# Looking for shelf plans



## Roundhousecat (Mar 22, 2013)

Anyone know of and place to get some ideas? HO scale please. I have the modern railroader book for this and it does offer some ideas, but more to choose from would help alot.
Thanks.


----------



## The New Guy (Mar 11, 2012)

Roundhousecat said:


> Looking for shelf plans-Anyone know of a place to get some ideas? HO scale please.


Those will be some tiny shelves.


wha, wha, whaaaa. _(sound of a bad joke)_

I can see your frustration - I just googled _point to point shelf plan_, image view...what an eclectic collection of uselessness.


----------



## Steve S (Jan 7, 2012)

http://www.google.com/search?q=shel...-M8GJywHLt4HQDg&ved=0CDQQsAQ&biw=1351&bih=605


----------



## timlange3 (Jan 16, 2013)

How about the Heart of Georgia? See http://hogrr.blogspot.com/


----------



## joed2323 (Oct 17, 2010)

I suggest the "hog" alot. Its a very good starting base, and beats a 4x8 hands down.
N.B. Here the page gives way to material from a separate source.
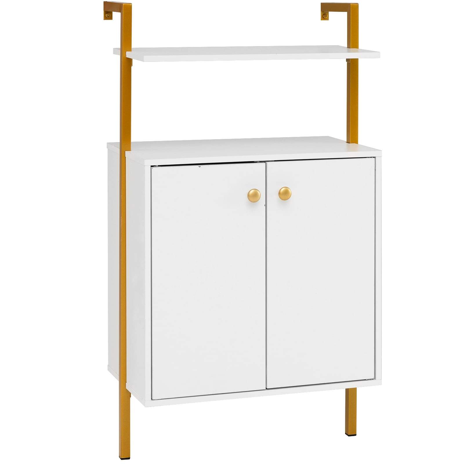 Huhote steghylla, väggbokhylla med 6 nivåer, bokhylla, väggmonterad, bokhylla, öppen hög bokhylla med metallram, industriell hylla för vardagsrum, kök, kontor, sovrum (vit/guld)

Lots of people do not realize how much room a 4x8 eats up since you need room on all 4 sides, but with the "hog" layout, you get so much more then settling with a 4x8 layout..

If you like the hog its a great starter layout, or you can alter the "hog" to suit your needs...


----------



## Roundhousecat (Mar 22, 2013)

Hog layout like a feed lot for pigs? Not sure what you mean with a hog layout.
Is this what you mean? 
http://1.bp.blogspot.com/-CYlJcBQDu...s1600/Heart+of+Georgia+HOG+Layout+Rev+511.jpg

I like this layout: http://model-railroad-hobbyist.com/node/8934

Still learning new terms with this hobby. Frogs, turtles, etc

Thanks.


----------